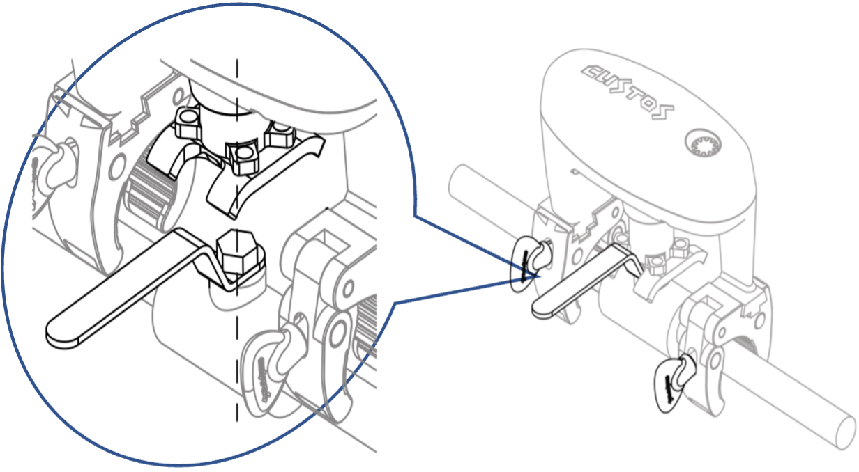 The pipe clamps are positioned in the center of the bracket in the factory state. They can be shifted to the right or left by turning them fully closed while not on the pipe. Shifting adjusts them to different pipe thicknesses.
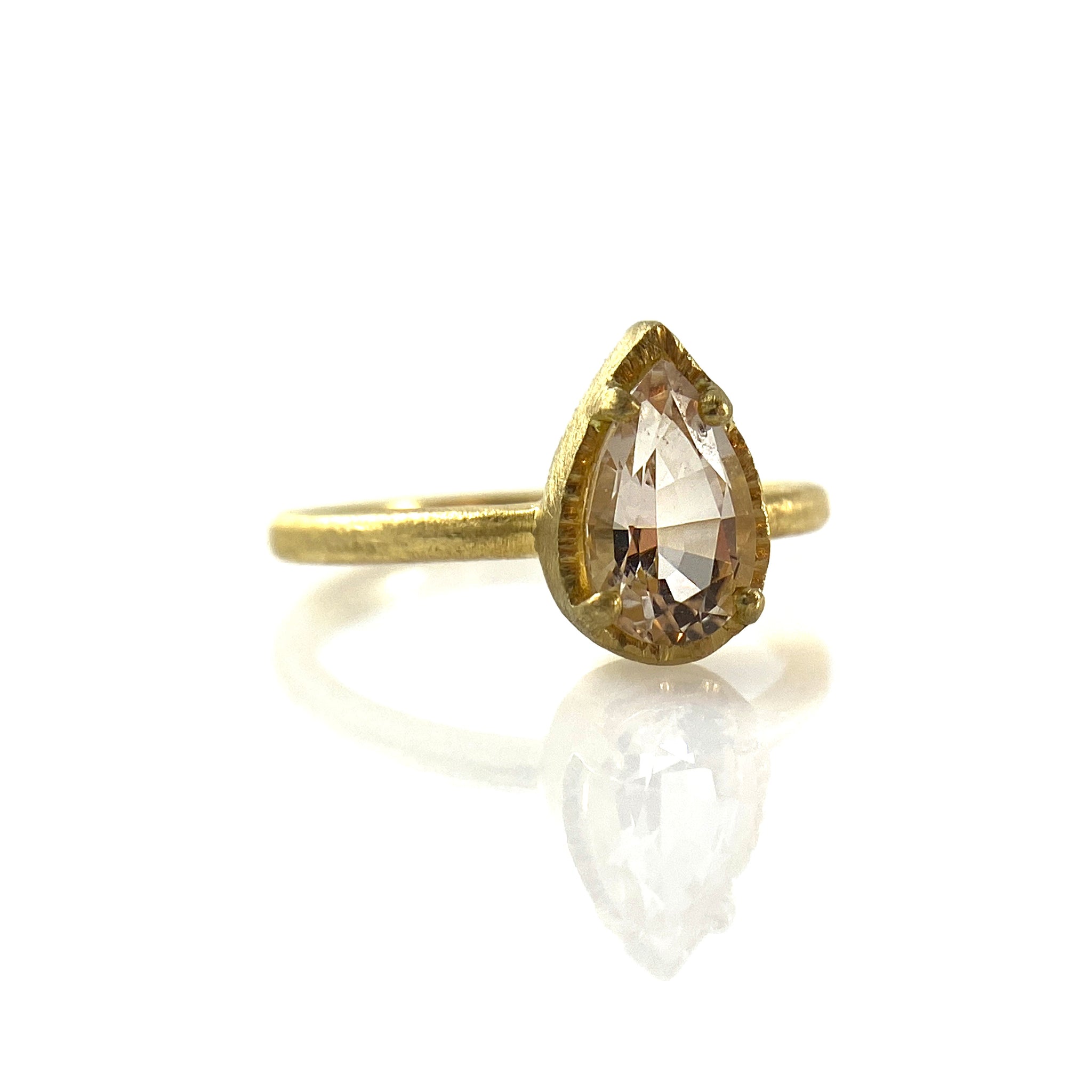 Featuring a dynamic, pear shaped morganite, this ring is a radiant choice for that special someone in your life. Made with 18k gold, this showstopping ring will last a lifetime.
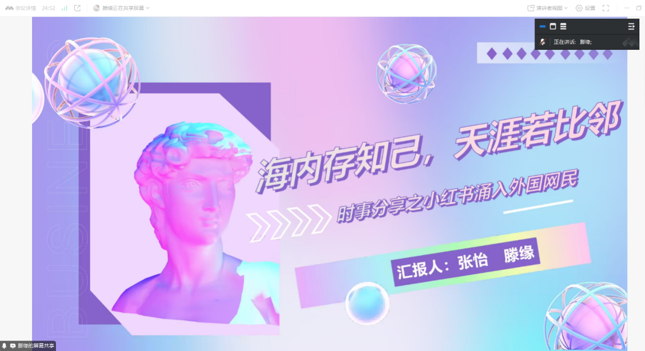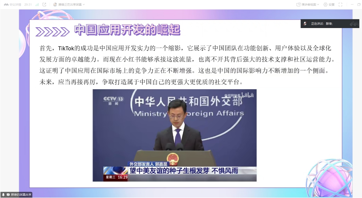 第二组作分享的是滕缘和张怡两位同志,题为《小红书涌入外国网民》。滕缘同志从Tik Tok(抖音国际版)在美国拜登政府的政令中屡屡受挫并面临停服的情况谈起,引出国内新兴社交媒体平台小红书是如何成功地在此次风口中成为弄潮儿。随后,滕缘以东西方文化交流、信息壁垒打破和国产应用软件崛起为角度展开,总结了这一时事。

-------

= What the task asks =
Transcribe the listing exactly; omit all images.

= Answer box =
 The pipe clamps are positioned in the center of the bracket in the factory state. They can be shifted to the right or left by turning them fully closed while not on the pipe. Shifting adjusts them to different pipe thicknesses.
 Featuring a dynamic, pear shaped morganite, this ring is a radiant choice for that special someone in your life. Made with 18k gold, this showstopping ring will last a lifetime.
 第二组作分享的是滕缘和张怡两位同志,题为《小红书涌入外国网民》。滕缘同志从Tik Tok(抖音国际版)在美国拜登政府的政令中屡屡受挫并面临停服的情况谈起,引出国内新兴社交媒体平台小红书是如何成功地在此次风口中成为弄潮儿。随后,滕缘以东西方文化交流、信息壁垒打破和国产应用软件崛起为角度展开,总结了这一时事。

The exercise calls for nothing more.